Perajin Tanduk Dari Tenggara Kota Yogya

 

Terletak di Sudut Tenggara Kota Yogyakarta, Kotagede yang terkenal dengan beragam kerajinan tradisionalnya. Salah satu yang masih bertahan adalah kerajinan dari tanduk. Bahkan hanya ada satu-satunya yang ada di Kotagede.

Dia adalah Harto Mulyono,warga RT 07, RW 03, Kampung Gedongan, Kelurahan Purbayan, Kecamatan Kotagede, Kota Yogyakarta. Ia memulai kerajinan tanduk tersebut sudah sejak tahun 1952.

Walaupun di jaman yang sudah modern seperti sekarang, namun Pak Harto, sapaan akrabnya, tetap bertahan menggunakan peralatan tradisional.“Saya juga punya alat modern tapi itu saya anggap sebagai pelengkap kerja saja” katanya.

Pria 76 tahun tersebut menceritakan untuk menghasilkan produk yang berkualitas bagus dan awet, Ia hanya menggunakan tanduk dari kerbau dan tanduk sapi (Sapi metal dan sapi bali).

Ia menuturkan tanduk kerbau biasanya memiliki harga yang lebih mahal karena tanduk kerbau memiliki kualitas yang lebih bagus dan bahan lebih sulit didapat.

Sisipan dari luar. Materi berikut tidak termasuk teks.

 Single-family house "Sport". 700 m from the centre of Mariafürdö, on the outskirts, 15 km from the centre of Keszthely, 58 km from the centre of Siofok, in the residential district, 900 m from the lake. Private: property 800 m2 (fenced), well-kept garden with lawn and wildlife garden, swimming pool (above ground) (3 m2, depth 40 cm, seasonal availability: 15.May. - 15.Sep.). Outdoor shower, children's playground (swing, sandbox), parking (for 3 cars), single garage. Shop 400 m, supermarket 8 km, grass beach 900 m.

Tanduk-tanduk tersebut berasal dari, Bali, Sumatra, Jawa Timur.

“Sedangkan tanduk yang berasal dari binatang lain seperti tanduk kambing dan rusa sangat sulit untuk diolah, dikarenakan mengandung zat kapur yang tinggi sehingga tanduk tersebut menjadi keras dan mudah patah bila dibengkokkan” kata bapak lima anak dan lima cucu tersebut.

Walaupun tanduk-tanduk tersebut berasal dari Bali, Sumatra, dan Jawa Timur, namun Ia biasanya membeli tanduk tersebut di Dusun Kuwel, Klaten, Jawa Tengah.

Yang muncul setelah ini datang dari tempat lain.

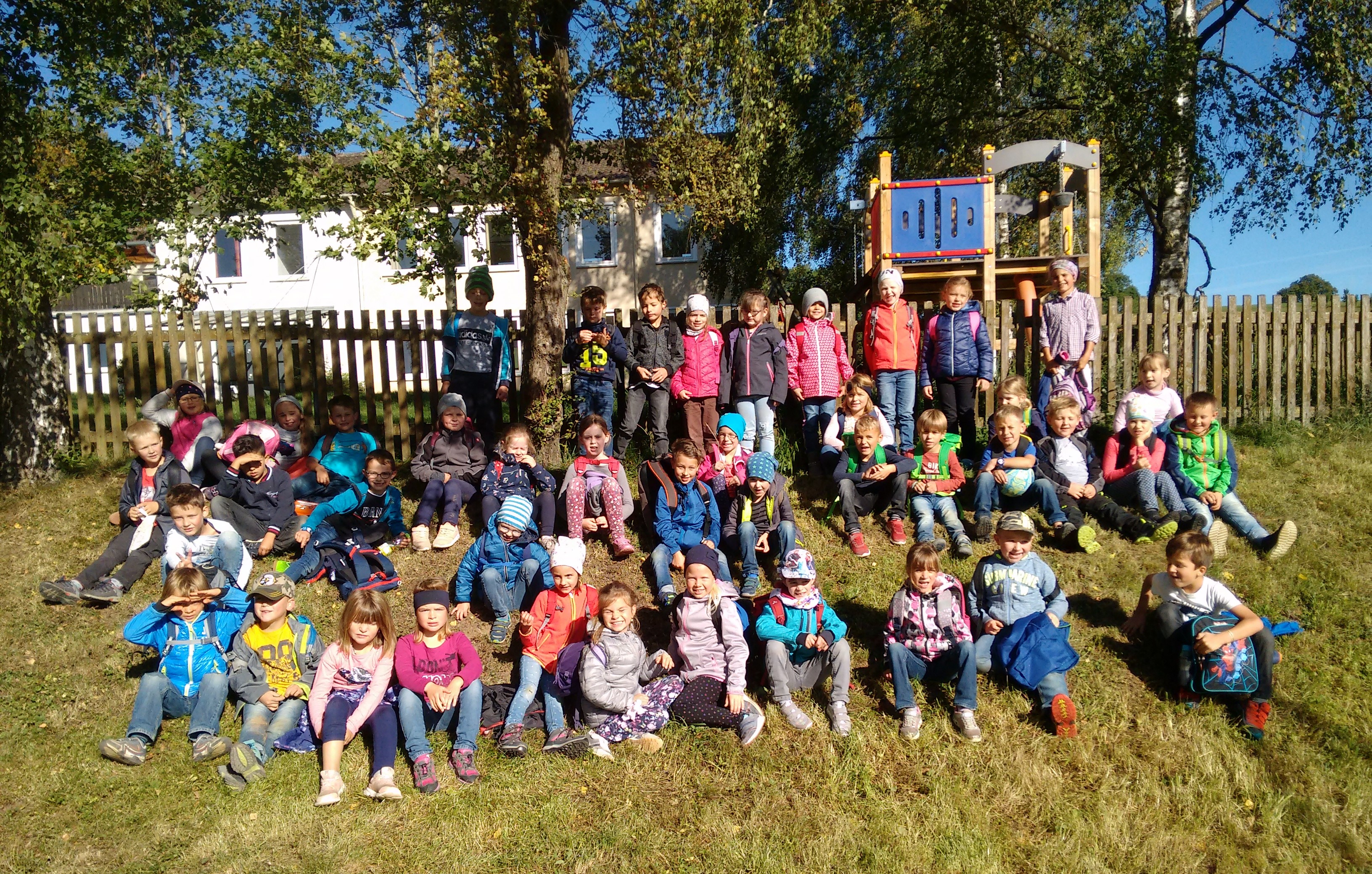 Die erste und die zweite Klasse wanderten bei bestem Spätsommerwetter über den Urlas nach Schopflohe zum dortigen Spielplatz.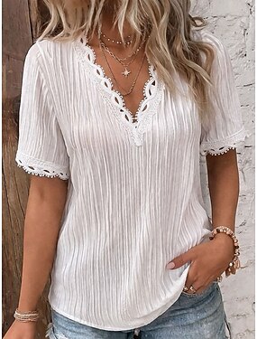 Női Póló Tee Top Csipke Kollázs Sima Elegáns Divat Stílusos Rövid ujjú V-alakú Hosszú felsők Hétköznapi Napi Alkalmi Fehér Nyár Tavasz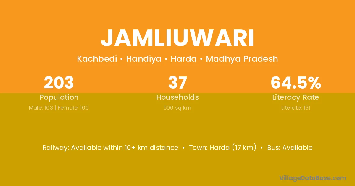 Harda (17 km) is the nearest town to Jamliuwari village for major economic activities and is located approximately 17 km away.

“Saya sudah dari dulu berlangganan disana, di Kuwel memang banyak pengrajin tanduk seperti saya, untuk satu kilo tanduk saya beli dengan harga Rp 50.000” katanya.

Ia menjelaskan untuk menghasilkan kerajinan tanduk, prosesnya adalah tanduk dipotong sesuai bentuk benda yang akan dibuat. Selanjutnya tanduk dipanaskan agar mudah dibentuk. Setelah itu ditekan agar sesuai dengan bentuk yang diinginkan. Tanduk kemudian diasah agar halus dan mengkilap.

Ia memberi contoh pembutan alam pemijat punggung, pertama tanduk dibelah dan di bakar agar lembut, kemudian di pres sehingga menjadi lempengan lurus. Barulah setelah itu dibuat pola sesuai pesanan dan dipotong dengan gergaji.

“Setelah itu dihaluskan dengan alat kikir baru dibakar lagi sebelum dicetak. Pola gagang dibuat jika bentuk kasar sudah jadi” ungkapnya.

Untuk membuat pola, lanjutnya, biasanya dengan menjepit di tanggem. Setelah digergaji mengikuti pola, alat pemijat punggung yang sudah jadi dikerok seluruh permukaannya untuk menghilangkan sisa kulit tanduk kasar.

“Kemudian dihaluskan dengan menggunakan ampelas. Untuk menimbulkan warna mengkilat, centong dipole” katanya.

Ia menambahkan bahwa tidak ada bahan kimia sedikit pun yang ia gunakan dalam memproses kerajinan tanduknya.“Benar-benar alami, sesuai warna asli tanduknya.”tambahnya.

Saat ditanya terkait tingkat permintaan kerajinan tanduk di pasaran saat ini, ia mengaku bahwa pada tahun 1990 mengalami masa keemasan. Namun, seiring berjalannya waktu, kerajinan tersebut mulai sedikit peminatnya.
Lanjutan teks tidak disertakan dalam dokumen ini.